Re: [PATCH v2] kvm, mm: account shadow page tables to kmemcg

From: Michal Hocko
Date: Fri Jun 29 2018 - 10:55:21 EST


On Fri 29-06-18 16:40:23, Paolo Bonzini wrote:
> On 29/06/2018 16:30, Michal Hocko wrote:
> > I am not familiar wtih kvm to judge but if we are going to account this
> > memory we will probably want to let oom_badness know how much memory
> > to account to a specific process. Is this something that we can do?
> > We will probably need a new MM_KERNEL rss_stat stat for that purpose.
> >
> > Just to make it clear. I am not opposing to this patch but considering
> > that shadow page tables might consume a lot of memory it would be good
> > to know who is responsible for it from the OOM perspective. Something to
> > solve on top of this.
>
> The amount of memory is generally proportional to the size of the
> virtual machine memory, which is reflected directly into RSS. Because
> KVM processes are usually huge, and will probably dwarf everything else
> in the system (except firefox and chromium of course :)), the general
> order of magnitude of the oom_badness should be okay.

I think we will need MM_KERNEL longterm anyway. As I've said this is not
a must for this patch to go. But it is better to have a fair comparision
and kill larger processes if at all possible. It seems this should be
the case here.

> > I would also love to see a note how this memory is bound to the owner
> > life time in the changelog. That would make the review much more easier.
>
> --verbose for people that aren't well versed in linux mm, please...

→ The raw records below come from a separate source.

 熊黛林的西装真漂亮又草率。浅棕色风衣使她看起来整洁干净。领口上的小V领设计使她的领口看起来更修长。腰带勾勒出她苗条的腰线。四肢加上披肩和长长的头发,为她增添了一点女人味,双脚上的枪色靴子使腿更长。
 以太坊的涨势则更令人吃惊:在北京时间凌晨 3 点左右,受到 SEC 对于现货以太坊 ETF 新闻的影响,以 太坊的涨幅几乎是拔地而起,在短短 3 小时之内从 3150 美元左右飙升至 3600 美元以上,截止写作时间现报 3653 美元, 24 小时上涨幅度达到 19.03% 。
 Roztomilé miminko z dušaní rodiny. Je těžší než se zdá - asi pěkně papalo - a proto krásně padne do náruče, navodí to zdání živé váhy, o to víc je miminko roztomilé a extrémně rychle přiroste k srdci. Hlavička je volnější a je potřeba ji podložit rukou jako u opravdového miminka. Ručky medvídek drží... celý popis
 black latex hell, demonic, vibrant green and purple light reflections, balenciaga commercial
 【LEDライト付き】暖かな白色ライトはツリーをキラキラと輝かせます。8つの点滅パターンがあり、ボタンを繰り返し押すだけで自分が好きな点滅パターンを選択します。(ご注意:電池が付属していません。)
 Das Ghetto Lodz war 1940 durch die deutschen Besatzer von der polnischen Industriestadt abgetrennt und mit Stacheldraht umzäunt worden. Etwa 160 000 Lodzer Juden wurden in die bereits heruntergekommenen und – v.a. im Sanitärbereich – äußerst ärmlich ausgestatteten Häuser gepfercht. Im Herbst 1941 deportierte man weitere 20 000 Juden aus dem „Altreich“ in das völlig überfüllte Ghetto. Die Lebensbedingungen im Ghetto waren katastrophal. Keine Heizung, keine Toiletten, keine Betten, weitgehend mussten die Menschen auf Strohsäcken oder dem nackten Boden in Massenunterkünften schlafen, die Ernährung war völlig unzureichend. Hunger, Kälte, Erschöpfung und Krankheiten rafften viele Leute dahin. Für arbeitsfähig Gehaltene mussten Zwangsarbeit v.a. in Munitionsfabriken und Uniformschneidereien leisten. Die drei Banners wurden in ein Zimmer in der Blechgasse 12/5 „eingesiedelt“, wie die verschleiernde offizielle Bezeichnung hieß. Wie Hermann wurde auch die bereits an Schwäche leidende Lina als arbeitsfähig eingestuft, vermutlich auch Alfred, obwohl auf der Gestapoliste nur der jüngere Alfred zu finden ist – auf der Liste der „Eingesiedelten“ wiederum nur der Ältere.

Well, if the memory accounted to the memcg hits the hard limit and there
is no way to reclaim anything to reduce the charged memory then we have
to kill something. Hopefully the memory hog. If that one dies it would
be great it releases its charges along the way. My remark was just to
explain how that would happen for this specific type of memory. Bound to
a file, has its own tear down etc. Basically make life of reviewers
easier to understand the lifetime of charged objects without digging
deep into the specific subsystem.
--
Michal Hocko
SUSE Labs